A few studies examined the possibility that variants in the 3′-UTR of the BRCA1 gene might be associated with breast cancer risk and reported the screening of this region in familial breast cancer cases and sometimes in controls as well.16, 21, 22, 23, 24, 25 The first published studies reported two variants: c.*36C>G, identified while screening 211 breast cancer cases,22 and c.*372_387del16 while screening 78 breast cancer cases belonging to high-risk breast and ovarian cancer families.25 Pietschmann et al screened BRCA1/BRCA2 coding sequences and 5′- and 3′-UTRs in 10 Iranian high-risk breast cancer families.23 They identified one rare variant in BRCA1 3′-UTR, c.*381_389del9ins29, which was not considered as causal as it was not present in the other four breast cancer cases in the family of the proband.
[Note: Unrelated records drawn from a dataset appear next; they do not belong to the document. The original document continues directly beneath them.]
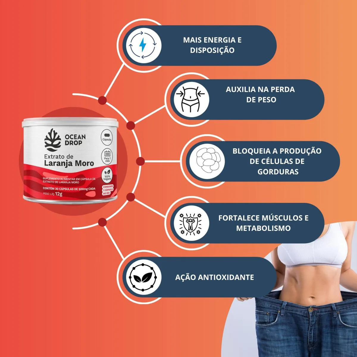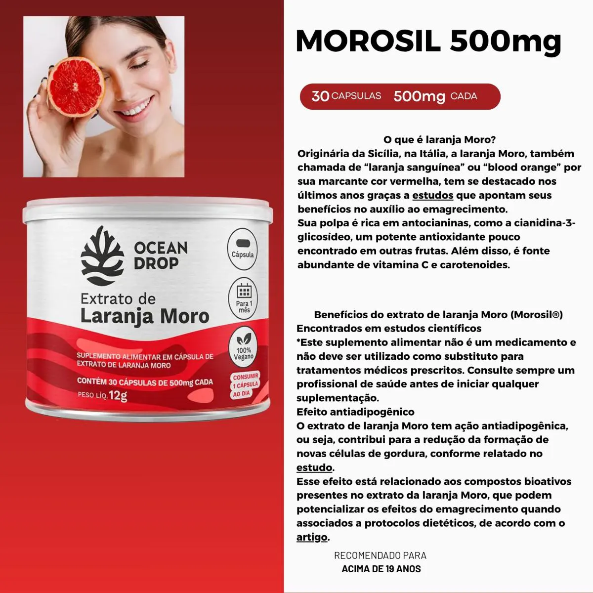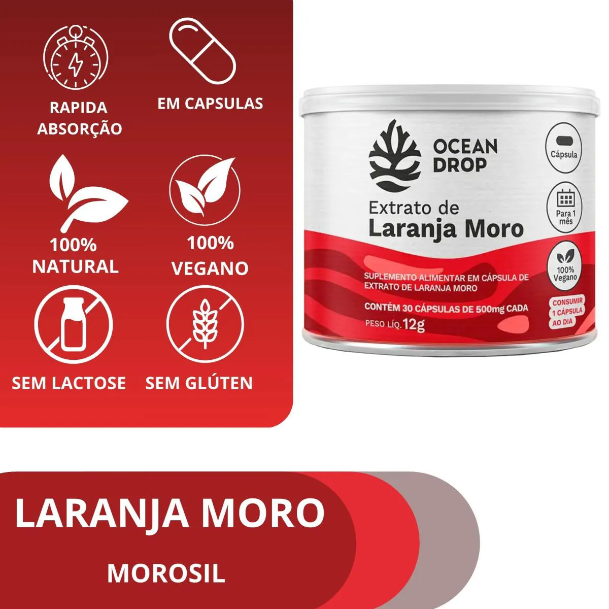Laranja Moro Extrato Morosil 500Mg Puro 30 Cápsulas Ocean Drop Original
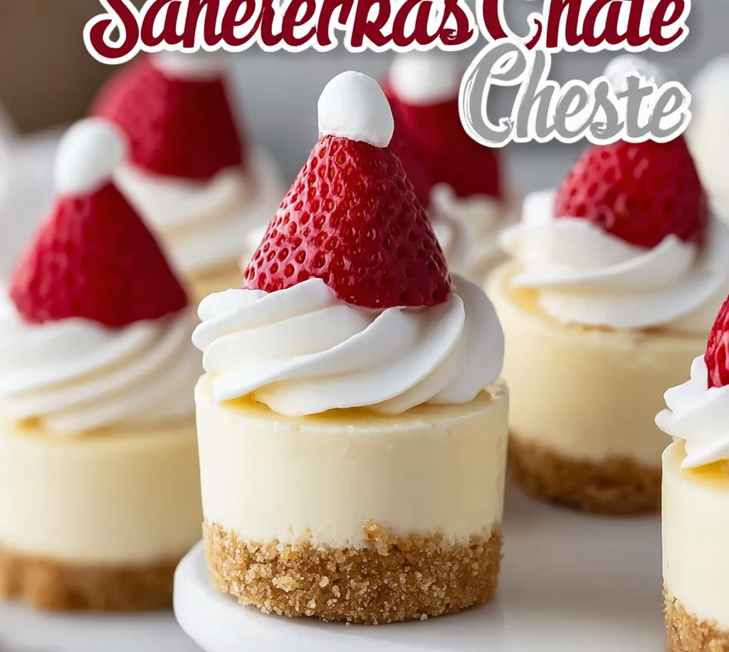 - Assemble Santa Hats: Once your mini cheesecakes are perfectly chilled, pipe a lovely swirl of whipped cream on top of each one. Carefully place a hulled strawberry, pointed side up, onto the whipped cream. For that perfect Santa hat look, add a small dot of whipped cream right on the very tip of each strawberry!
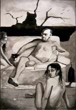 Hay dibujos muy bien expresados en este libro antologador de versos e imágenes. Como el de José Carlos Tássara en «Los amantes», o “La conciencia” de Javier Bellido. Pero lo más significativo es el trazo o apunte “Hemingay y sus días de verano” de Claudia Pinto. Muy significativa para expresar el Eros y el Tánatos que agobió al escritor en vida hasta su suicidio.
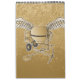 Concrete mixer beige with wings, pickaxe and shovel.

Lheureux et al identified two novel rare variants, c.*750A>G and c.*1286C>A in 70 BRCA1/2-negative high-risk breast or ovarian cancer cases, with clear evidence of neutrality for the former and little evidence of causality for the latter based on luciferase reporter assays and bioinformatics predictions.16 Brewster et al reported the largest study to date, with the screening of 1612 breast cancer cases and 1554 controls, sourced from five collections, and identified 23 rare variants, of which 15 were novel.21 Using luciferase reporter assays and bioinformatics predictions, they were able to show that c.*1340_1342delTGT introduces a functional miR-103 target site and might be therefore pathogenic.21

Data are much scarcer concerning the 3′-UTR of BRCA2, as we are aware of only one small study published so far in 10 Iranian high-risk breast cancer families,23 and 1 study performed on 100 Turkish early-onset or familial breast cancer,26 which both did not lead to the identification of any rare variant. Our study is thus the first to report the screening of this region in a large series, which showed that 3′-UTR variants are extremely rare in BRCA2 (only one variant found, c.*172G>A). No evidence of pathogenicity was found for this variant.

In conclusion, although several studies reported the association of BRCA1 3′-UTR, miR gene or miR-related frequent variants with breast cancer risk,26, 27, 28 the clear involvement of rare variants has not been evidenced so far.